Едва дверь захлопнулась за ними, Косова подсела к Лешке. Глаза ее во тьме зеленели, как у кошки. Лешка отодвинулся от нее.

– Хорош женишок! – начала она, сдавленно смеясь.

– Хорош, да не про тебя сделан, – огрызнулся Лешка.

– А со мной погулять не хотел бы?

– Укажи улицу, где гуляешь, вдруг разберет охота. Монашенок, признаться, не пробовал.

– Эх, гульнем скоро! Сердце утехи просит, кровь кипит! – жарко шептала Косова на ухо парню и вдруг впилась в его губы.

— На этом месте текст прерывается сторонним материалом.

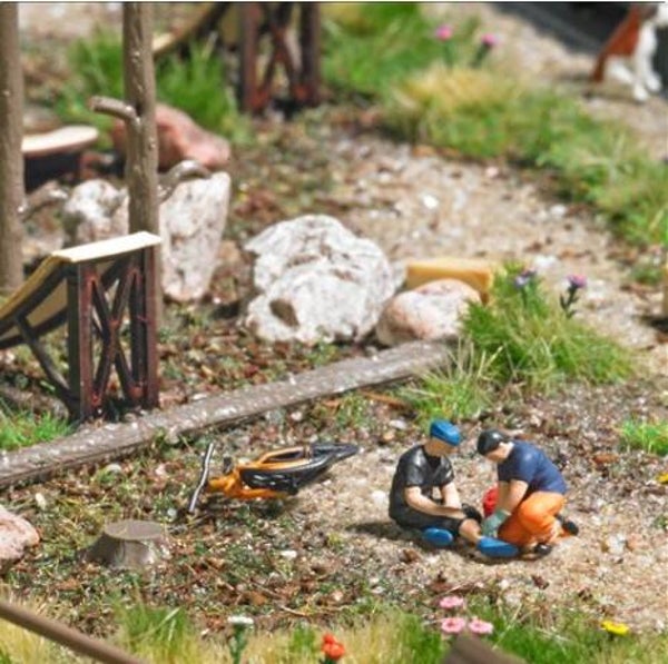 Für die realistische Belebung Ihrer Modellwelt. Mit thematischem Zubehör und mindestens einer Figur (bemaltes Fertigmodell) in passender Position.Hilfe, Unfall auf dem Bike-Trail! Die Einsatzkräfte sind schnell zur Stelle und helfen dem Gestürzten wieder auf die Beine.
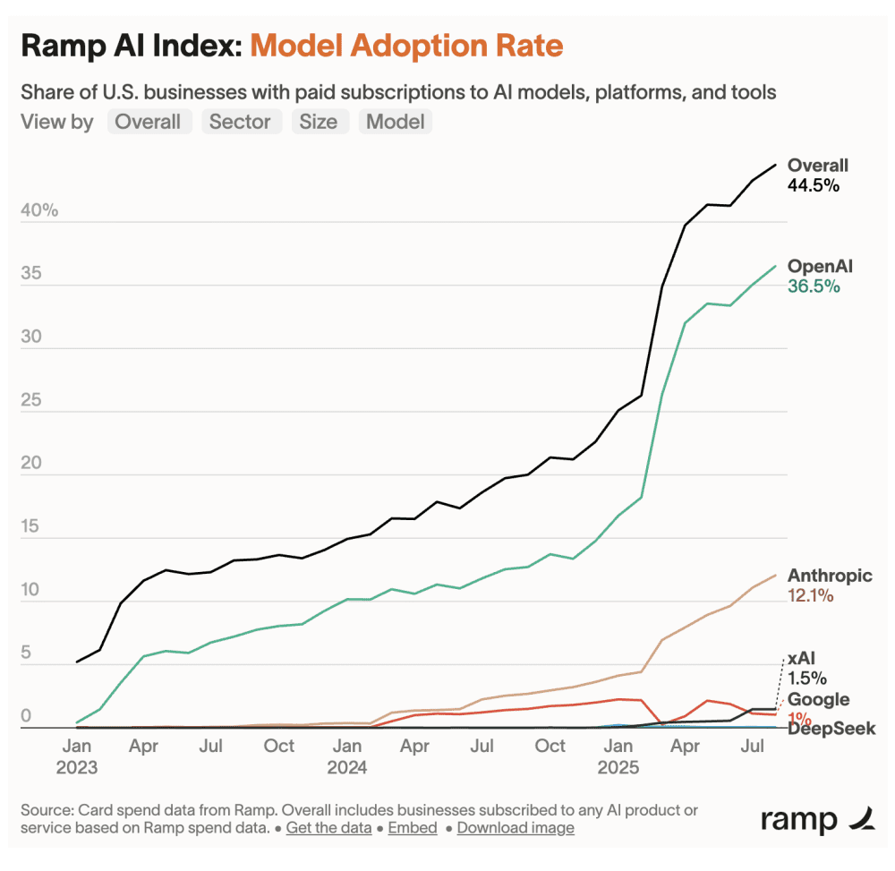 Anthropic’s rapid rise has been fueled by its focus on coding and agent capabilities. It now dominates the emerging space of agentic coding, and its product Claude Code has become the fastest-growing offering in that category—reaching $400 million in ARR within just six months. After Claude 4 launched, revenue grew fivefold in two months.

– Ну, монашенка! – только и мог сказать Лешка, отбиваясь от нее. Неизвестно, куда бы утянула его Марья, если бы Сторожев и Ишин не показались на крыльце.

– Лешка! – взволнованным голосом крикнул Сторожев. – Зови ко мне Фрола, Данилу Наумыча, мельника Селиверста, попа… Спят – за ноги с постелей тащи. Срочное, мол, дело.

– Из бедноты бы кого для порядка, – подсказал Ишин.

– Из бедноты? – Сторожев задумался. – Да вали, Лешка, к Андрею. Он у нас на веревочке.

Лешка был рад-радешенек уйти; наглость монашенки возмутила его. Вдруг бы Наташка увидела, как он целовался с этой шлюхой! Быть бы беде! И он помчался по заснувшим Дворикам во всю прыть.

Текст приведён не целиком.